The electrode configuration provides x- and y- motions that are perpendicular to each other, minimises horizontal and vertical coupling, and provides good sensitivity. The vertical motion of the tube is controlled by the Z electrode, which is driven by the feedback loop. The x- and y-scanning motions are each controlled by two electrodes, which are driven by voltages of the same magnitude, but opposite signs. These electrodes are called −Y, −X, +Y, and +X. The tip holder is a stainless steel tube with a 300 μm inner diameter for 250 μm diameter tips, mounted in ceramic in order to keep the mass on the end of the tube low. The tip is mounted either on the front edge of the tube (to keep mounting mass low and resonant frequency high) or the centre of the tube for large range scanners, namely 75 μm and 125 μm (to preserve the symmetry of the scanning). This commercial STM accepts any tip with a 250 μm diameter shaft. The piezo tube requires X–Y calibration, which is carried out by imaging an appropriate calibration standard. Cleaved graphite is used for the small-scan length head while two-dimensional grids (a gold-plated ruling) can be used for longer range heads.
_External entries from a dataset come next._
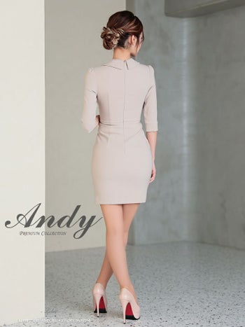 4. 【Andy/アンディ】ボタン スリット ワンカラー 襟デザイン 袖あり タイトミニドレス(anon2869)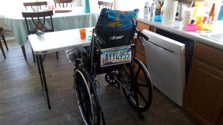 Haha, yeah right! This was actually his idea though. He mentioned an old license plate we had and asked me if I could attach it to the back of his wheelchair, so I did. We’ll leave it on there and hopefully it’ll give some people a chuckle.
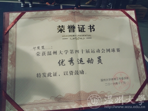 毒舌电影 刑楚楚同学荣获第四十届运动会网球赛优秀运动员

Characterization of monolayers of nanoparticles using many characterization techniques, like SEM or TEM, is difficult due to the limitations of the resolution offered by the techniques used. Scanning probe techniques have made it possible to investigate the surfaces of materials at the atomic level. In addition, with scanning tunnelling spectroscopy, the electronic structure of surfaces can be studied at molecular level. Though several techniques are used to study such functionalized metal nanoparticles, STM/STS is a unique tool because it enables the topographic and local electronic properties of these films to be investigated with atomic

and near-atomic resolution. Two main properties which can be studied with tunnelling spectroscopy on nanoparticles are density of states on isolated nanoparticles and Coulomb blockade and Coulomb staircase phenomena due to charging of the nanoparticles.